→ **Task objective**:
In the listing that follows, the lines starting at the one containing "Marcel BASCOULARD (1913-1978): The" and ending at the one containing "El amplificador operacional" are to be returned exactly, both boundary lines included, and no others.

→ **Source material**:
::::::
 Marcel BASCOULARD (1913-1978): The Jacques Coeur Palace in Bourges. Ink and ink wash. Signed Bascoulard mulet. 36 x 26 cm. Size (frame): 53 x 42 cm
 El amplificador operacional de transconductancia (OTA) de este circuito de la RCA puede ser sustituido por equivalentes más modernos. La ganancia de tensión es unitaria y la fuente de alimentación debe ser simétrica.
::::::
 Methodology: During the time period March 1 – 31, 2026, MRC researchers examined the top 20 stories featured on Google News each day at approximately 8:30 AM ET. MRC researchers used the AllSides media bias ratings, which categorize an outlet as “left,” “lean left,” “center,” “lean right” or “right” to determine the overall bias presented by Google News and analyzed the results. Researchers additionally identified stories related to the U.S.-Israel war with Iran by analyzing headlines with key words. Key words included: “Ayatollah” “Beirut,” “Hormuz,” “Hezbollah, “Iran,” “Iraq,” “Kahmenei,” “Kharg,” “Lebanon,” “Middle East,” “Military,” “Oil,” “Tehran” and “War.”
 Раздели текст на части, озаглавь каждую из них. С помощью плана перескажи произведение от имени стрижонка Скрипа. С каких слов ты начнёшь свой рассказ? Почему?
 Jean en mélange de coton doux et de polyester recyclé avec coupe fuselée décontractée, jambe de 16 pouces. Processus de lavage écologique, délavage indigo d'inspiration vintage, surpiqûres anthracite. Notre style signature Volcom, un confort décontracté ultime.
::::::
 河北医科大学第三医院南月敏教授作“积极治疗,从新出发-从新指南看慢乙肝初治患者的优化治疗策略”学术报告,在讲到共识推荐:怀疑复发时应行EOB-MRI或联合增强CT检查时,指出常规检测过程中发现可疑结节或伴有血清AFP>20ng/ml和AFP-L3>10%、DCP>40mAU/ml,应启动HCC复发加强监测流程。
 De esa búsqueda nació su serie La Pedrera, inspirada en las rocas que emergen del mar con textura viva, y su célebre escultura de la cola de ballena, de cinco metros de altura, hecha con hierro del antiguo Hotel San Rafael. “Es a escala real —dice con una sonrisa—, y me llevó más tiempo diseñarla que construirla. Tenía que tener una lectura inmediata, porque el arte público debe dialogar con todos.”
::::::
→ **Task output**:
 Marcel BASCOULARD (1913-1978): The Jacques Coeur Palace in Bourges. Ink and ink wash. Signed Bascoulard mulet. 36 x 26 cm. Size (frame): 53 x 42 cm
 El amplificador operacional de transconductancia (OTA) de este circuito de la RCA puede ser sustituido por equivalentes más modernos. La ganancia de tensión es unitaria y la fuente de alimentación debe ser simétrica.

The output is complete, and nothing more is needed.